## Available data
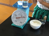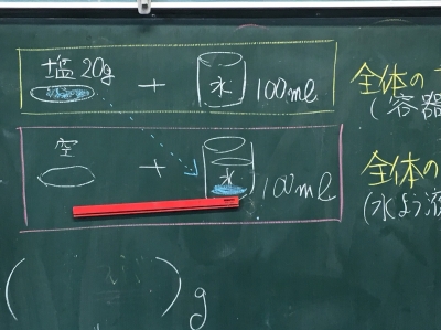 水100ミリリットル+食塩20㌘(カップやビーカーの重さも入れて)
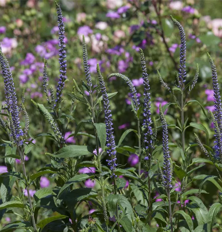 Veronica spicata bildet rachenförmige, in Ähren angeordnete, blaue Blüten ab Juni.
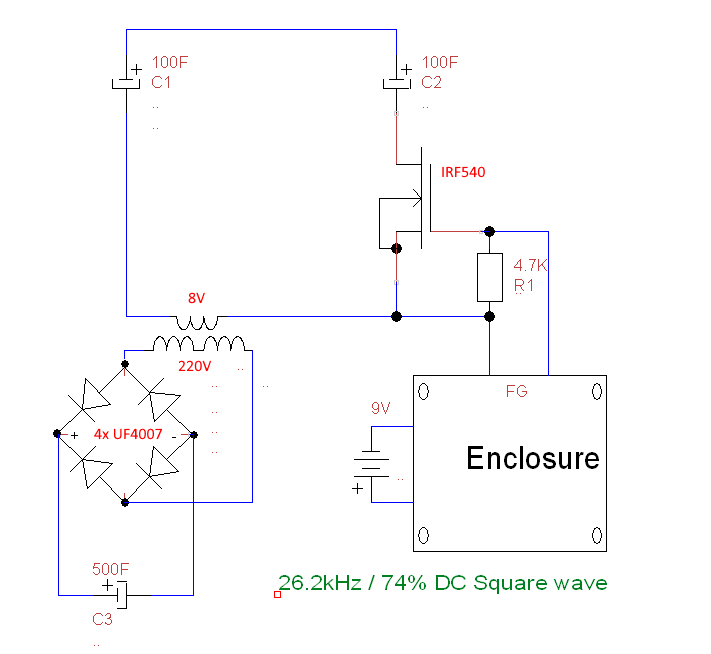 Yes 26.2khz. I agree. Re the caps - remember the odd behaviour due to pulsing. Maybe a switched-mode trafo would handle the frequencies.

## Problem details
Could the data be reproduced exactly, with the pictures omitted?

## Result of this exercise
 水100ミリリットル+食塩20㌘(カップやビーカーの重さも入れて)
 Veronica spicata bildet rachenförmige, in Ähren angeordnete, blaue Blüten ab Juni.
 Yes 26.2khz. I agree. Re the caps - remember the odd behaviour due to pulsing. Maybe a switched-mode trafo would handle the frequencies.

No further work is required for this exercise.